At the Millennium Summit held from 6 – 8 September, 2000 where the United Nations General Assembly adopted the UN Millennium Declaration, the Heads of States and Governments pledged to meet the Millennium Development Goals (MDGs), which include the reduction of poverty and improving the lives of people through halving poverty and hunger, achieving universal primary education and creating a global partnership for development as well as targets for aid, trade and debt relief by 2015. Nigeria was one of the countries that promised to meet the MDG. But in spite of her enormous wealth, Nigeria has failed to meet any of the MDGs. While the government complained of lack of funds to meet the goals, top public officers have engaged in the mega looting of the treasury. In the course of diverting huge public funds by the influential criminals, the rate of infant and maternal mortality increased, while millions of children could not go to school. Millions of citizens also died in ill-equipped hospitals and on ill-maintained roads. Therefore, the labour movement should lead a campaign for the recovery of the looted wealth and the prosecution of all the indicted looters.

However, to reclaim the welfare state from its obstinate opponents in government, the Nigerian people have to be mobilised to ensure compliance with the various welfare laws and intensify the campaign for the full justiciability of the provisions of the socio-economic rights set out in Chapter 2 of the Constitution. Without mincing words, the socio-economic rights of our people cannot be actualised under a neo-colonial capitalist ideology. Apart from socialist states, no country in the world, not even the United States, has abolished poverty and guaranteed unrestrained access to education, health and employment for citizens. Hence, in the ongoing presidential race in the United States, no candidate has challenged Senator Bennie Sanders who has pointed out that the contradictions inherent in capitalism has produced millions of poverty stricken American citizens. Since the United States and other capitalist states are compelled to review the impoverishment of societies by capitalism, the ruling class in Nigeria should not be allowed to be more catholic than the Pope. In other words, the political parties set up by the bourgeoisie to access power should no longer be permitted to deceive our people to embrace poverty dictated by dangerous neo-liberal policies.

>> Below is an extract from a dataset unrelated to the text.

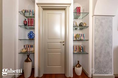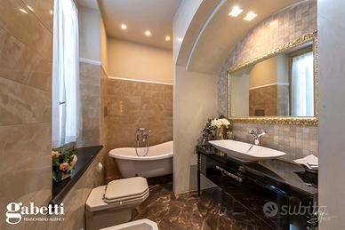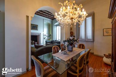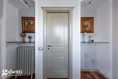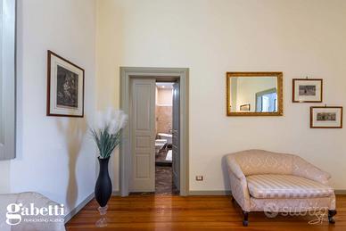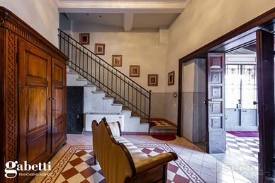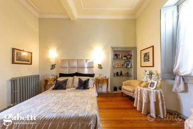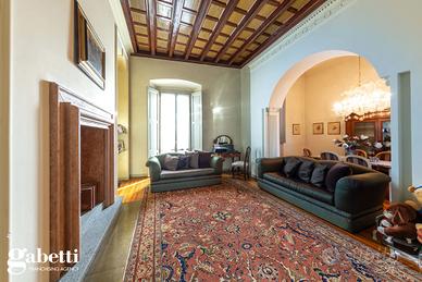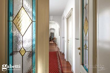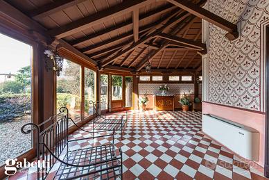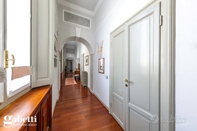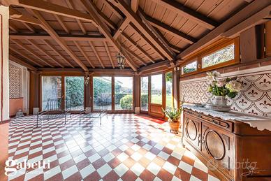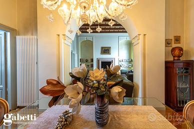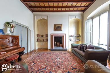 La proprietà immersa nel parco privato, si sviluppa su una superficie di 409 mq, distribuiti principalmente su unico livello al piano primo, oltre il caratteristico/storico ingresso dal piano terra. Al primo piano troviamo un luminoso soggiorno doppio con zona tinello pranzo, una grande cucina abitabile, doppi servizi, sono presenti tre spaziose camere da letto, un guardaroba, terrazzino immerso nel verde e caratteristica stanza tv.

Instead of dissipating energies to retrieve the discredited Labour Party from the PDP, the labour movement in Nigeria should establish a political party to struggle for the socialist construction of Nigeria.

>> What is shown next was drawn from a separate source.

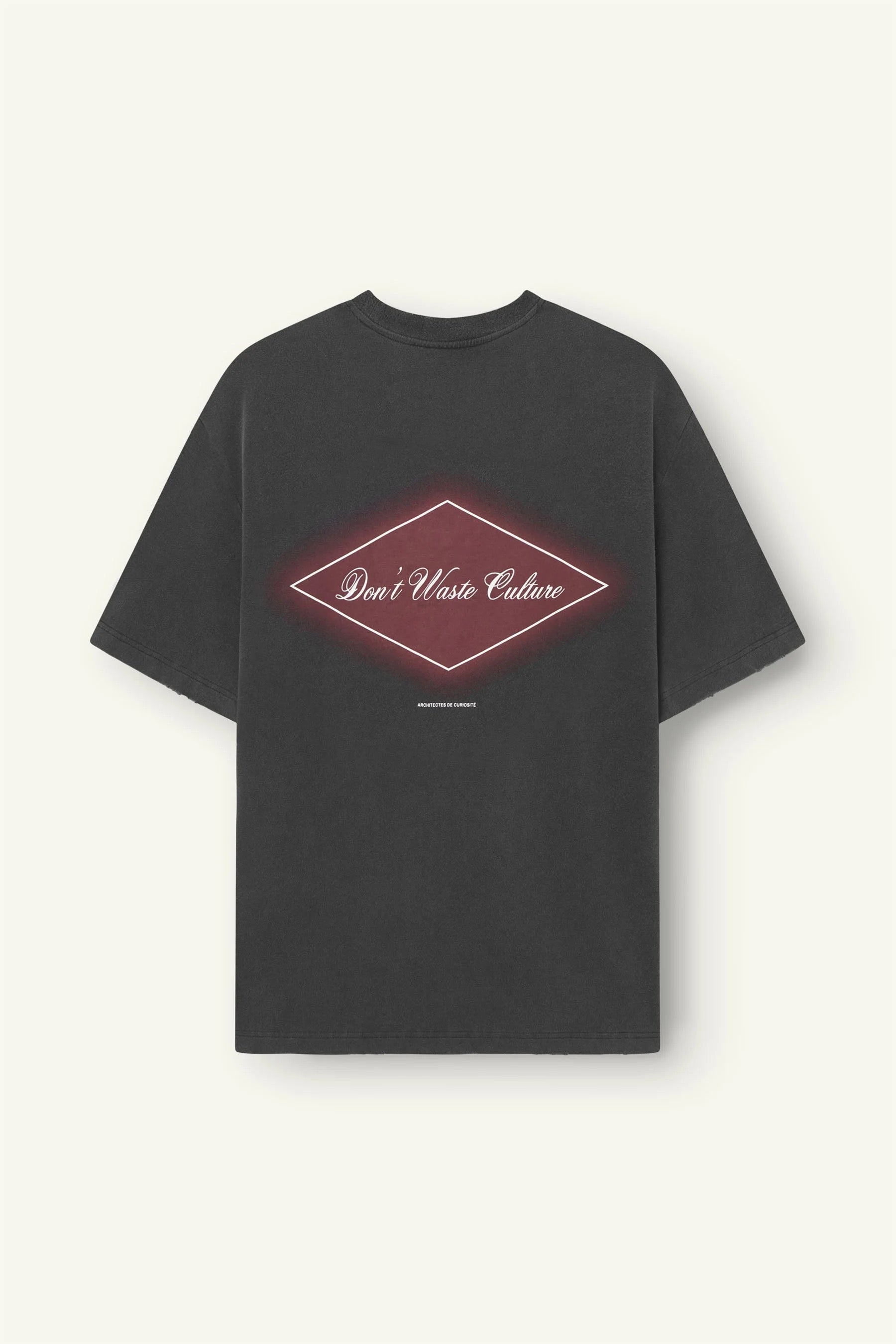 T-shirt met een ruime pasvorm voor optimaal comfort. Het ontwerp omvat een ronde halslijn en korte mouwen. Achterop voorzien van een opvallende opdruk met het "Don't Waste Culture" logo, gezet binnen een geometrisch kader. Dit shirt heeft een klassieke uitstraling met een eigentijdse twist.

In order to enforce the socio-economic rights of the Nigerian people recognised by law, the claim of the ruling class that there is no money to fund them should no longer be accepted. Over the years, the ruling class has conveniently ignored several judicial pronouncements in favour of social justice. That is not unexpected given the fact that the government is run by an army of neo-liberal ideologues who are committed to the defence of market fundamentalism. This means that the struggle for the economic empowerment of the masses transcends the legal arena. It is a battle for popular democracy as opposed to liberal democracy. It is a battle for the democratic control of the economy to ensure that the material resources of the nation are harnessed and distributed as best as possible to serve the common good.

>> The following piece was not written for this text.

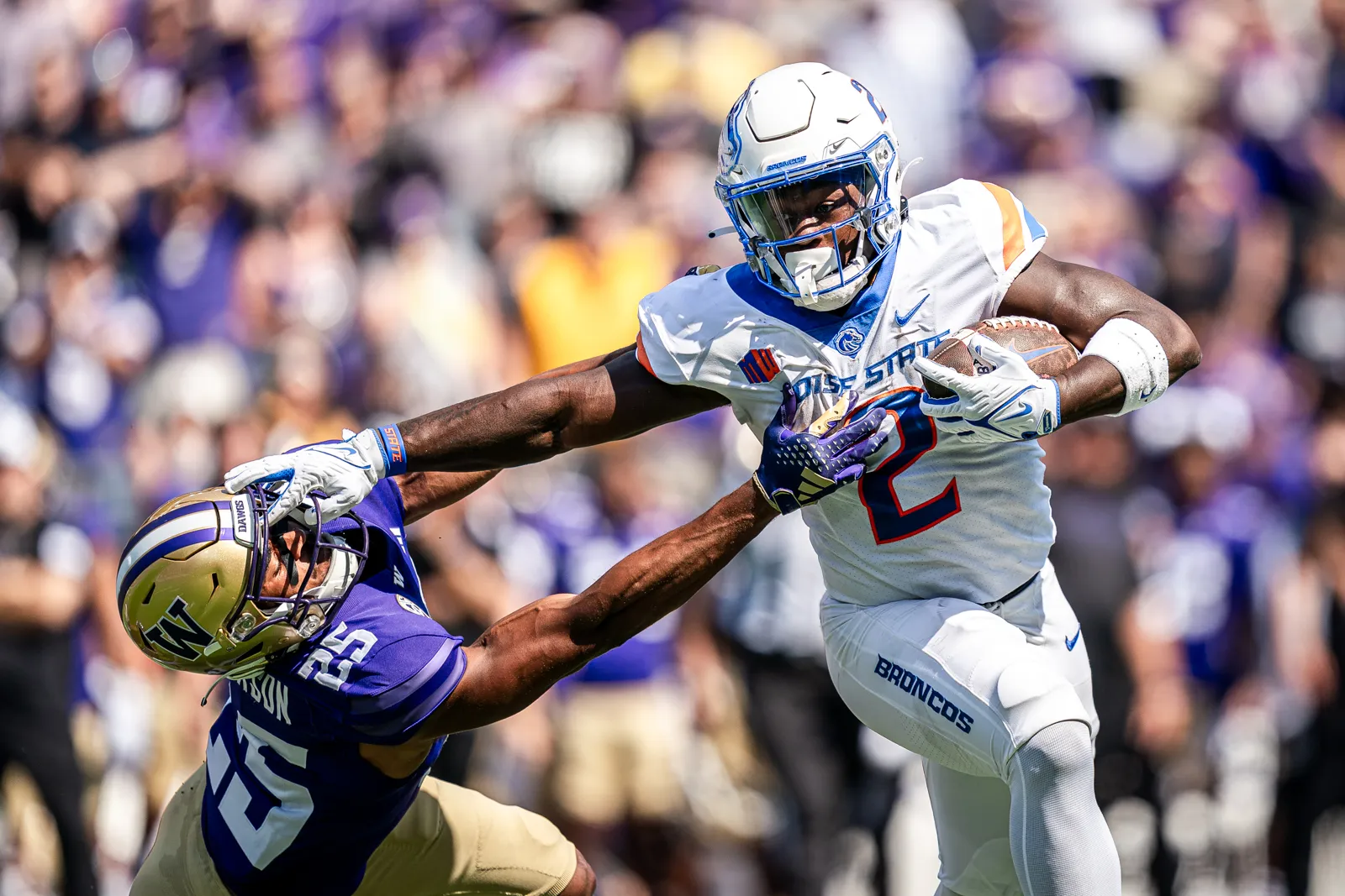 Boise State Running back #2 Ashton Jeanty stiff-arms an Washington defender to score the first touchdown of the Broncos' 2023 season.

Finally, to stop the reckless killing of people in Nigeria, we have to disband the police force, which has contempt for our people because of the neo-colonial content of their training. In its place a new police service, which will respect and defend the people should be established. To free our society from the tiny grip of looters, the Nigerian people should be mobilised to struggle for popular democracy. In the words of Nelson Mandela, “A simple vote, without food, shelter and health care is to use first generation rights as a smokescreen to obscure the deep underlying forces which dehumanise people. It is to create an appearance of equality and justice, while by implication socio-economic inequality is entrenched. We do not want freedom without bread, nor do we want bread without freedom. We must provide for all the fundamental rights and freedoms associated with a democratic society.”